* **DIRECTIONS**
The required output is the exact run of lines below that opens at the line with "Seta jacquard fantasia" and closes at the line with "AK Mende, Vue".

DATASET EXCERPTS Start Marker

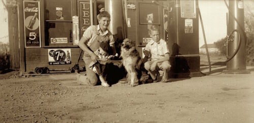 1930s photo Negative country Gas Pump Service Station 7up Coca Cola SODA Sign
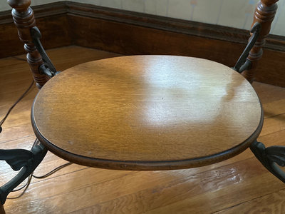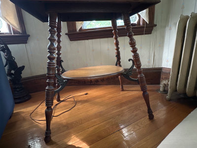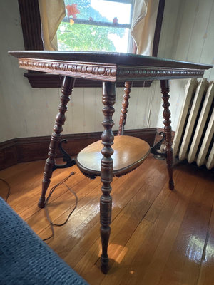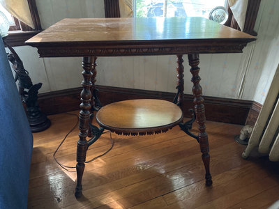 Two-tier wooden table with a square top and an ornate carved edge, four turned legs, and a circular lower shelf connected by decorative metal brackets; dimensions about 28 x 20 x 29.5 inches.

DATASET EXCERPTS End Marker
DATASET EXCERPTS Start Marker

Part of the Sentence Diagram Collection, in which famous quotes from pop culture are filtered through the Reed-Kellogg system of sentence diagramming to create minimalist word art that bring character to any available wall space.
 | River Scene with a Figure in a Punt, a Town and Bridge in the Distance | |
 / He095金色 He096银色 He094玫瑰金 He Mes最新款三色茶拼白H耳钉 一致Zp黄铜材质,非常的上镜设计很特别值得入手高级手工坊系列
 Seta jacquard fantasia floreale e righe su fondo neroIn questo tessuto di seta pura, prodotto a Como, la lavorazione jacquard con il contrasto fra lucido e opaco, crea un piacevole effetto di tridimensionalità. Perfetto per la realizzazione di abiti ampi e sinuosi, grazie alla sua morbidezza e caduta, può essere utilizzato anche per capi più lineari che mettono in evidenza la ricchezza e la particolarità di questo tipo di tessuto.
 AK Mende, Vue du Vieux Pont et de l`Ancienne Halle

DATASET EXCERPTS End Marker
DATASET EXCERPTS Start Marker

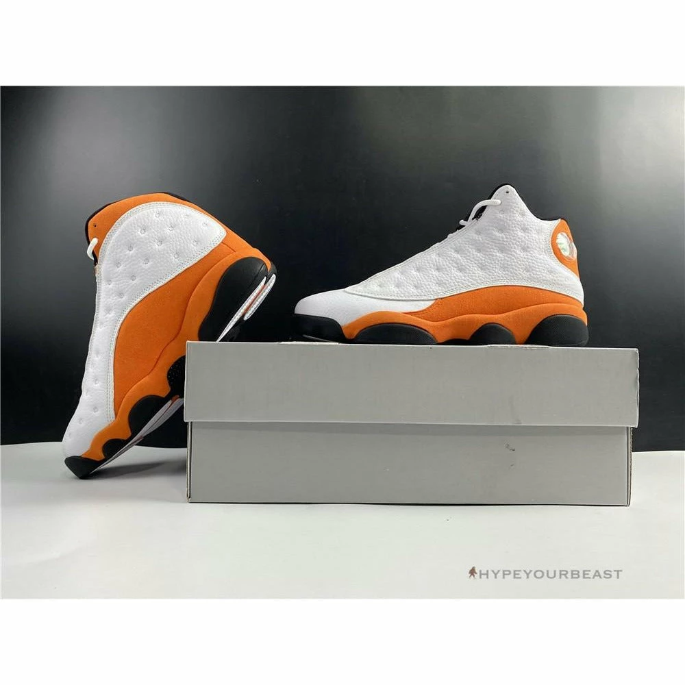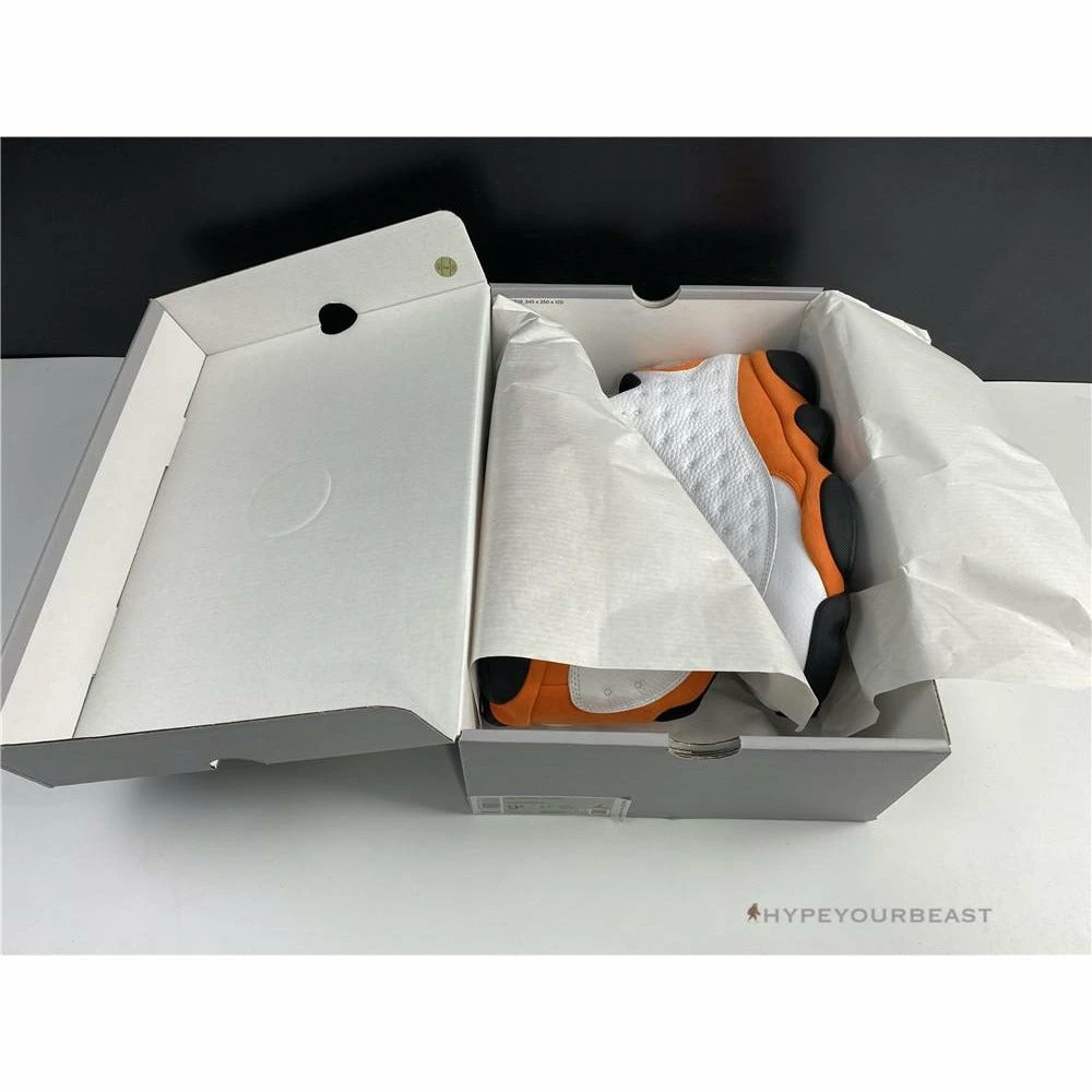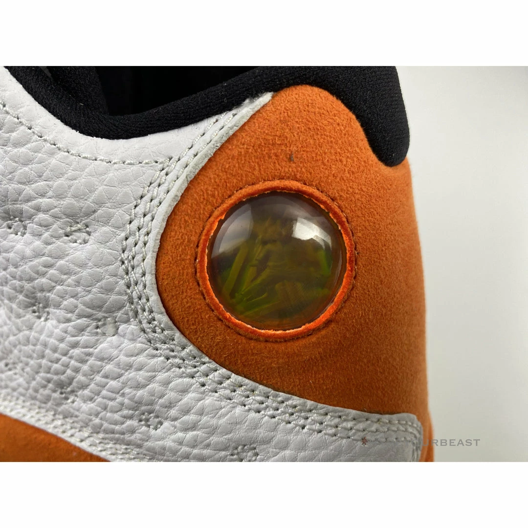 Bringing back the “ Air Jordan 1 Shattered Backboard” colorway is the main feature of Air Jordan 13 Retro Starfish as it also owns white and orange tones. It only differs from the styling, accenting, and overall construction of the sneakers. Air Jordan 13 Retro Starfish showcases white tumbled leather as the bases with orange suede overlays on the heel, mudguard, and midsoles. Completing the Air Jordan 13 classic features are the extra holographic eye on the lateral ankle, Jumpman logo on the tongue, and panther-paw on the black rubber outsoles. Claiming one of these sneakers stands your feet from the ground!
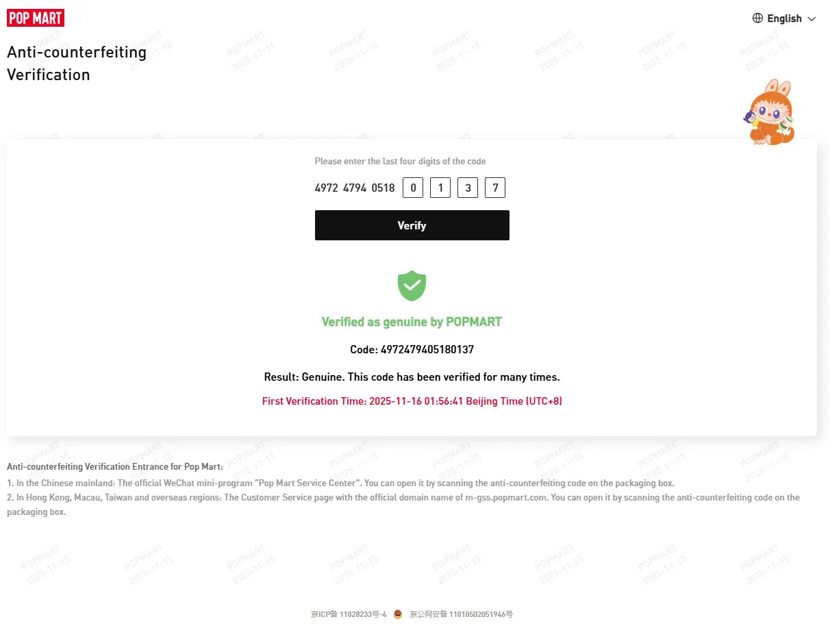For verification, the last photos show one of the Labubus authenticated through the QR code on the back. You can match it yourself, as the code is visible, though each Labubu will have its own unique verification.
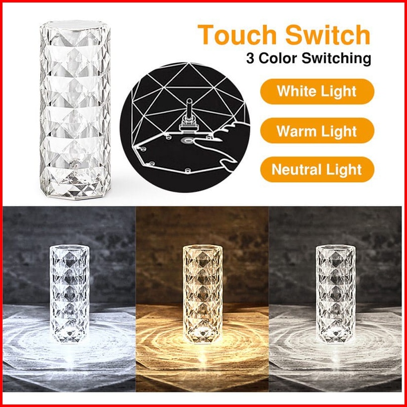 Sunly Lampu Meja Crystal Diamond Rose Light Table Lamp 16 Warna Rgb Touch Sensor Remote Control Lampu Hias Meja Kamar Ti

DATASET EXCERPTS End Marker

* **RESPONSE TO THIS EXERCISE**
 Seta jacquard fantasia floreale e righe su fondo neroIn questo tessuto di seta pura, prodotto a Como, la lavorazione jacquard con il contrasto fra lucido e opaco, crea un piacevole effetto di tridimensionalità. Perfetto per la realizzazione di abiti ampi e sinuosi, grazie alla sua morbidezza e caduta, può essere utilizzato anche per capi più lineari che mettono in evidenza la ricchezza e la particolarità di questo tipo di tessuto.
 AK Mende, Vue du Vieux Pont et de l`Ancienne Halle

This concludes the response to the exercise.